Dyke said England as a country must address the "frightening" lack of English players playing in the Premier League and set a nine-year plan of improvement for the national side.
"Today I want to set the whole of English football two targets," he told journalists.
"The first is to at least reach the semi-finals of Euro 2020. And the second is for us to win the World Cup in 2022."
In his first public address since succeeding David Bernstein in July, Dyke said the FA would be "letting the country and thousands of England fans down" if it did not act to give young English players more opportunities to play in the Premier League.
Dyke helped found the Premier League in 1992, but although he claimed that it was now the most successful domestic championship in the world, he said it was also harming the national team.
Describing English football as "a tanker that needs turning," he said: "In the future, it's quite possible we won't have enough players qualified to play for England playing regularly at the highest level in this country.
"Last season, 32 per cent of Premier League players were English. Do we let the trend continue, or do we do something about it?
"What happens when the number goes from 32 to 25 to 20 to 15? Do we still ignore the problem, or do we act now?"

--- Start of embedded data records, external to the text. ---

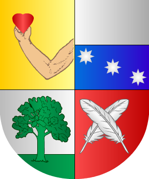 y el del centro de azur. 25.- De ..., un roble englantado y arrancado de ...; brochante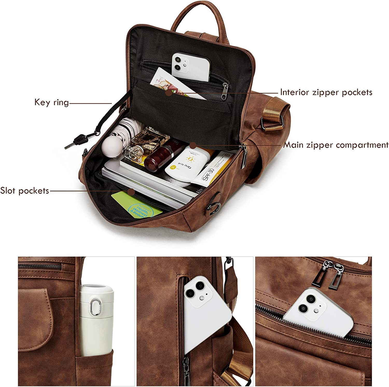 • 【LARGE CAPACITY】This leather backpack purse for women adopts a large vertical opening at the top, which is very convenient for loading items. 1 inner zipper pockets, 2 inner slot pockets, 2 front pockets, 2 side pockets, and 1 back zipper pocket. The extra wristlet provides more compartments. Multiple pockets can keep your things well organized.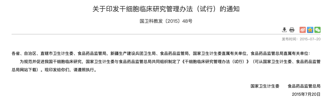 但寬松的政策環境,除了促進了干細胞行業的發展,但是另一方面也使干細胞行業變得魚龍混雜,良莠不齊。為了從源頭上規范醫療技術使用、遏制濫用,2015年初,國務院決定取消“非行政許可審批”這一審批類別,在此背景下,原國家衛生計生委取消了第三類醫療技術臨床應用準入審批。然而,取消審批并不等于放手不管。同年,為規范并促進我國干細胞臨床研究,國家衛生計生委與食品藥品監管總局共同組織制定了《干細胞臨床研究管理辦法(試行)》,這也是目前醫藥行業進行干細胞臨床研究時遵循的總指導原則。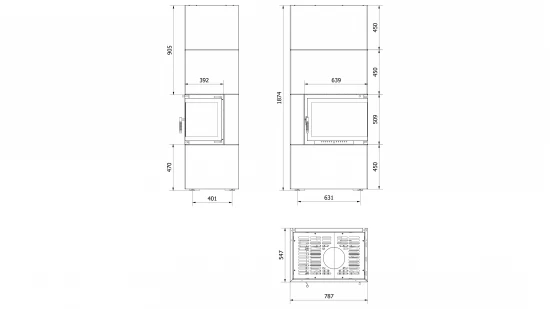 – Kaminkörper und Kaminfront aus massivem Stahl

A succession of England coaches and players, such as current assistant coach Gary Neville, have insisted that the most talented English players will always rise to the surface, but Dyke questioned that mindset.
"Gary Neville said the cream will always rise to the top, but I'm not so sure," he said.
Since winning the World Cup on home soil in 1966, England have reached the semi-finals of a major tournament just twice -- at the 1990 World Cup and the 1996 European Championship -- and Dyke said the country's entire football framework needed to come together to look for answers.
He announced that he will set up a commission, including the chairmen of the Premier League, the Football League, the League Managers' Association and the Professional Footballers' Association, to answer three key questions.
"Why has it happened? What can be done? How can you make changes?" he said.
"The FA has to up its game, but all of English football has a problem. All of English football has to find a solution."
Dyke said the committee would investigate the possibility of introducing a quota on foreign players, although he admitted that from a legal perspective, it would prove "complex".
The commission will also examine proposals to change the loan system to help young English players get more playing time, as well as evaluating the feasibility of a winter break.
"I know setting up a commission might be seen as a bureaucratic response to a serious problem, but if we are to have any chance of success going forward, it's important that football as a whole recognises the problem and also buys into the possible radical solutions," he said.
He added: "We have to do something. If we do not, it's hard to see England even challenging for the World Cup or the Euro Championships in the years ahead -- let alone meeting the targets I've set.
"If we do not, we will be letting down generations of English kids who might otherwise have made it at the top level in football but weren't given the chance.
"If we do not, we will be letting down the England fans who turn up in their thousands."